- DATA BLOCK:
+---+
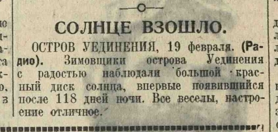 Солнце взошло//Правда 20 февраля 1935 №50
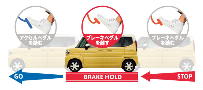 信号待ちや渋滞時の停車中でも足が疲れにくく便利な機能です。
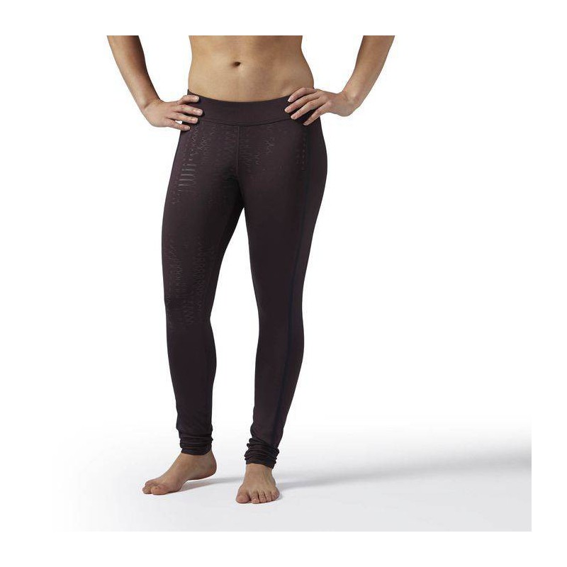 Round out your WOD wardrobe in this CrossFit staple in a tonal seasonal print. Polyester with high elastane interlock fabrication for comfort, fit and shape retention. Speedwick moisture management technology. Antimicrobial gusset for odor control. Wide back panel on waistband for an improved fit and provides an anti-abrasion zone for floor workouts and movements. Self-fabric waistban for a secure fit. Subtle branding at back of waistband allows for easy transition from the gym to the street. Pushed back bonded side seam for an ergonomic fit that flatters. CrossFit-specific fit. Placed seasonal textured print with hand-drawn graphics that mimic embossing simplicity. Reebok CrossFit branding.
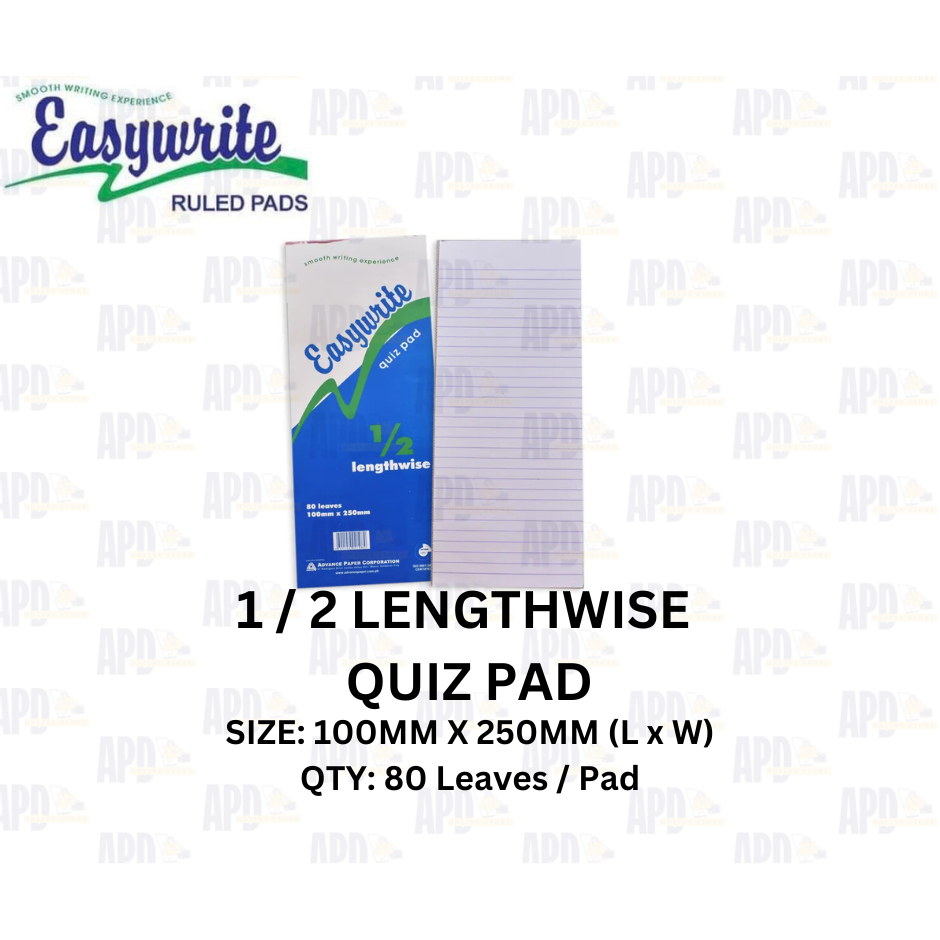 Easywrite Quiz Pad Paper -1/4 Pad, Crosswise, Lenghtwise, Intermediate Pad [SOLD PER 5 PADS]
+---+
- TASK DESCRIPTION: Exactly as written, reproduce the lines from the beginning of the material through the line with "信号待ちや渋滞時の停車中でも足が疲れにくく便利な機能です。", and skip any picture.

- ANSWER AREA:
 Солнце взошло//Правда 20 февраля 1935 №50
 信号待ちや渋滞時の停車中でも足が疲れにくく便利な機能です。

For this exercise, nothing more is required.